Defendants have filed a joint motion to dismiss (Docket No. 28) which is currently pending before the Court. For the following reasons, the motion will be allowed, in part, and denied, in part.
A. Factual Background
Plaintiff MW Gestion is an investment management firm incorporated in France that manages at least one fund which holds Sinovac securities. Defendant 1Globe is a Delaware corporation with its principal place of business in Boston, Massachusetts, of which Jiaqiang Li (“Li”), also of Boston, is the sole owner. The “Chiang Li Family” is an assumed name which Li has purportedly used from time to time in securities filings. Linda Li is the vice-president and director of 1Globe and resides in Boston, Massachusetts. She is a relative of Jiaqiang Li.

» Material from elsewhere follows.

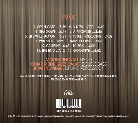 Seit mehr als zwei Dekaden ist das Tingvall Trio ein zuverlässiger Garant für packenden Piano Trio Jazz mit griffigen Melodien und kraftvollen Rhythmen.  Achtmal wurden ihre Produktionen mit dem Jazz Award in Gold ausgezeichnet, ihr letztes Album „Birds“ erreichte wiederum die No.1 der Deutschen Jazz Charts und ausverkaufte Konzerte in ganz Europa zeugen von der Popularität der drei Wahl – Hamburger. Zur Vorbereitung des neuen Longplayers „Pax“ spielte das Trio Anfang des Jahres eine mehr als 20 Termine umfassende Konzerttournee, an deren Ende die Drei direkt in Ihr Lieblingsstudio, das ARTE SUONO von Klangmeister Stefanio Amerio in Italien, gingen. Das Resultat ist ein Album, das fast so energetisch aber auch zerbrechlich klingt wie ein Live-Konzert. Nie wurde das Trio  im Studio so schnörkellos eingefangen, ob in berührenden Balladen wie „A Promise“ oder typischen TT-Losgehnummern wie „Cruisin“.

Jeff Li is also a relative of Jiaqiang Li and has acted as the managing director of 1Globe.
Plaintiff alleges that competing groups of shareholders have been vying for control of Sinovac Biotech Ltd. (“Sinovac” or “the company”) since 2016. One group includes the CEO of Sinovac, Wiedong Yin, and certain other directors and investors (“the Yin Group”). The opposing group includes 1Globe, Li and Sinobioway, an investor in Sinovac's main operating subsidiary (“the Sinobioway Group”). In March, 2016, the company adopted a Rights Agreement that contained a “poison pill” provision. Pursuant to that provision, additional Sinovac shares are to be distributed to shareholders under certain circumstances to dissuade would-be acquirers. For instance, if a shareholder acquires more than 15% of Sinovac's stock, additional shares are to be offered to all other shareholders in order to dilute the holding of the acquiring party.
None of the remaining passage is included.